Kritik zu Der ganz normale Wahnsinn
Das ehemalige »Sex and the City«-Girl Sarah Jessica Parker in der Hauptrolle einer Komödie, die sich um das Thema der Vereinbarkeit von Karriere und Familie dreht
Als die Bostoner Investmentmanagerin Kate nachts von einer Geschäftsreise nach Hause kommt, muss noch ein letzter Termin abgehakt werden: das Backen eines Kuchens für ein Kindergartenevent. Kurzerhand traktiert Kate einen gekauften Kuchen hektisch mit dem Nudelholz, damit er den rustikalen Homemade-Touch bekommt; Gatte Richard betrachtet seine Liebste derweil mit mildem Vorwurf. Diese Anfangsszene soll Kates chaotisches Wursteln zwischen Karriere und Mutterpflichten demonstrieren. Doch etwas ist faul in diesem Bild. Auf der Leinwand kommt der Baufehler der Vorlage, des Romans »I don’'t know how she does it« von Allison Pearson, erst recht zum Vorschein.
Im Fahrwasser des aufgekratzten »Sex-and-the-City«-Frauenmärchens tischt Douglas McGrath eine erstaunlich humor- und ziellose Karrierefrauenmär auf. Wie die Serie weist auch dieser Film scharfsinnige Beobachtungen alltäglicher Sollbruchstellen und flotte Dialoge auf – und kommt doch über ein piefiges Kinder- Karriere-Rührstück nicht hinaus.
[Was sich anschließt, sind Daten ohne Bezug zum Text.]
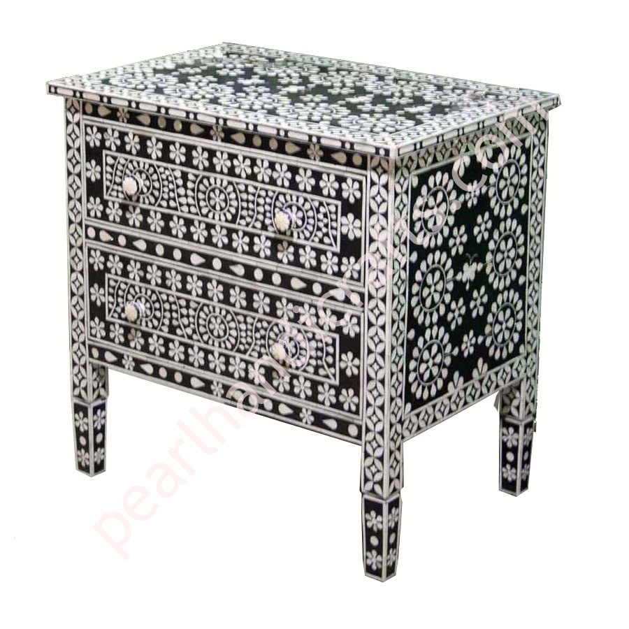 The bone inlay or Mother of pearl furniture is made in the magical region of Rajasthan India, using bone and mother of pearl shell from Naturally dead Camel and cow. NO any animal harmed for the raw material.

Kates To-do-Liste lässt sie zwar aus dem Schlaf schrecken; schlimmer ist aber, dass sie für ihren Einsatz statt Anerkennung Druck von allen Seiten bekommt. Im Dokumentarfilmstil sprechen ihre Mitmenschen ihren Kate-Kommentar direkt in die Kamera, der Tenor ist: »Ich weiß nicht, wie sie das schafft.« Nicht nur der berufliche Konkurrent betont mit diesem vergifteten Kompliment Kates Doppelbelastung. Vor allem Frauen fahren der Karrierefrau in die Parade, angefangen von der Schwiegermutter mit ihren spitzen Bemerkungen über die unzuverlässige Haushälterin bis zu den Kindergärtnerinnen, die sich über ihre ewigen Verspätungen ärgern. Kates Nemesis aber sind die entspannten »Momsters, hierzulande als »Latte-Macchiato-Supermuttis « bekannt. So kommt Kate als armes Hascherl daher, das sich im Netz widersprüchlicher Rollenvorstellungen abstrampelt.
Widersprüchlich ist auch diese Komödie – selbst wenn der Drehbuchautorin Lob gebührt für die Abänderung des Romanendes, in dem Kate in ein ländliches Hausfrauendasein floh. Denn lässt man mal die Passivität des netten Ehemannes beiseite: in der Realität dürfte in Kates Einkommensklasse schlicht Geld das Mittel der Wahl sein, um ihr »den Rücken freizuhalten«. Die Nöte dieser Großverdienerin aber sind die einer berufstätigen Mittelklassemutter, deren Gehalt fast für die Tagesmutter draufgeht. So schön es ist, mal nicht eine Floristin, Zuckerbäckerin oder Werberin als Vorbild angedient zu bekommen, so masochistisch verhält sich diese Finanzmanagerin. Wieso sollte es die einzige Powerfrau im Alphamännerclub nicht hinkriegen, zuverlässige dienstbare Geister zu engagieren oder die Coolness zu entwickeln, Störmanöver zu ignorieren? Andererseits ist Geld auch in dieser Frauenkomödie ein Tabu, sind doch Geschlechtsgenossinnen, die dem Mammon nachjagen und es genießen, anstößig, ja bedrohlich. Die penetranten Kleinmädchenmanierismen der 46-jährigen Sarah Jessica Parker als sich ständig entschuldigende Kate sprechen Bände: Ihr theatralisches Gezappel ist eine einzige Aufforderung, diese Powerfrau bloß nicht ernst zu nehmen.